As atividades desenvolvidas privilegiam às metodologias ativas como a pesquisa orientada, trabalho em grupo, produção artística, ensaios, oficinas e apresentações culturais, favorecendo a construção coletiva do conhecimento e a valorização das múltiplas formas de expressão. Durante todo o processo, os professores atuam como mediadores, promovendo o diálogo interdisciplinar e articulando os conteúdos trabalhados aos objetivos do projeto e às competências previstas na Base Nacional Comum Curricular (BNCC).

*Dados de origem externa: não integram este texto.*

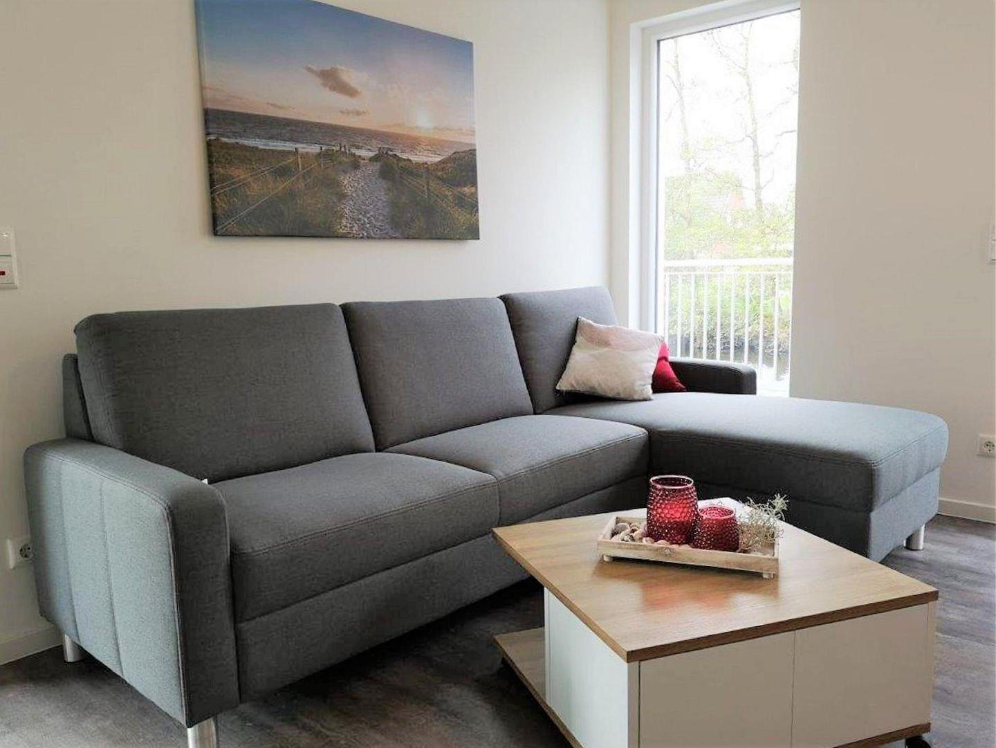 Im hinteren Bereich, zur Terrasse gelegen, steht eine gemütliche Sofaecke mit Fernseher zur Verfügung.

A culminância do projeto ocorre no mês de novembro, em consonância com as atividades alusivas ao Dia da Consciência Negra, momento em que são realizadas as apresentações culturais e artísticas para a comunidade escolar. Essa etapa configura-se como um espaço de socialização dos conhecimentos construídos, fortalecimento da identidade negra e valorização das produções dos estudantes.

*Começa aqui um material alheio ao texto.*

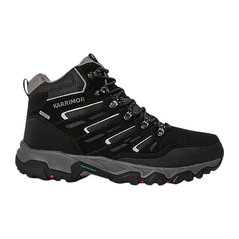 Vedenpitävät vaelluskengät, joissa on täyspitkä nyöritys edessä ja pehmustettu vaahtomuovipohjallinen. Päällinen mokkanahkaa ja verkkokangasta. Syvä uritettu pohja antaa pitoa ja tukea.Vedenpitävissä Karrimor Mount Low -vaelluskengissä on täyspitkä nyöritys edessä ja pehmustettu vaahtomuovipohjallinen, ja hengittävä ja vedenpitävä rakenne pitää jalat kuivina ja mukavan tuntuisina.Näissä vaelluskengissä on syvä uritettu pohja pidon ja tuen takaamiseksi, ja Karrimor-logo antaa upean ilmeen.Yksityiskohdat:- Vedenpitävä/hengittävä Weathertite - Phylon-välipohja - Kanta- ja ilttihihnat.- Arete III -pohja.- Päällinen mokkanahkaa ja verkkokangasta

A avaliação do projeto é contínua e processual, considerando a participação, o envolvimento, a cooperação, a pesquisa realizada e a qualidade das produções desenvolvidas, integrando-se ao processo avaliativo das disciplinas envolvidas. Dessa forma, o projeto contribui para a promoção de uma educação inclusiva, equitativa e comprometida com a formação integral dos estudantes, alinhando-se aos princípios da educação antirracista e aos Objetivos de Desenvolvimento Sustentável.

Para a execução do projeto “Somos Todos Afro”, foram mobilizados recursos ecológicos e instrumentos pedagógicos que priorizam práticas sustentáveis, o reaproveitamento de materiais e a conscientização ambiental, em consonância com os princípios da educação integral, da responsabilidade socioambiental, utilizando de materiais recicláveis e reutilizáveis (papel, papelão, garrafas PET, tecidos, embalagens, madeira reaproveitada) na confecção de figurinos, cenários, adereços e materiais expositivos; reaproveitamento de resíduos sólidos para produção de artesanato afro, instrumentos musicais alternativos e elementos decorativos; valorização de elementos naturais e simbólicos da cultura afro-brasileira, como sementes, fibras naturais, argila, tintas naturais e materiais orgânicos, respeitando o meio ambiente; materiais didáticos e pedagógicos: livros, textos, artigos, cartilhas, murais temáticos, painéis informativos; recursos audiovisuais: vídeos educativos, documentários, apresentações multimídia, músicas e registros sonoros relacionados à cultura afro-brasileira; instrumentos artísticos e culturais: tambores, atabaques, berimbaus; ferramentas para oficinas e produções artísticas, como tintas, pincéis, tecidos, linhas, sementes, argila e materiais de pintura corporal; espaços pedagógicos diversificados: salas de aula, pátio escolar, auditório e ambientes externos para ensaios, exposições e apresentações culturais; instrumentos de registro e avaliação: fotografias, vídeos, portfólios, relatórios, rodas de conversa e observação participativa.

Evaluation

Os resultados observados ao longo do desenvolvimento do projeto evidenciam impactos positivos no contexto escolar, especialmente no que se refere ao engajamento da comunidade educativa. Verificou-se um aumento significativo da participação dos estudantes e professores nas atividades propostas, refletindo maior envolvimento com as ações da escola e fortalecimento do sentimento de pertencimento.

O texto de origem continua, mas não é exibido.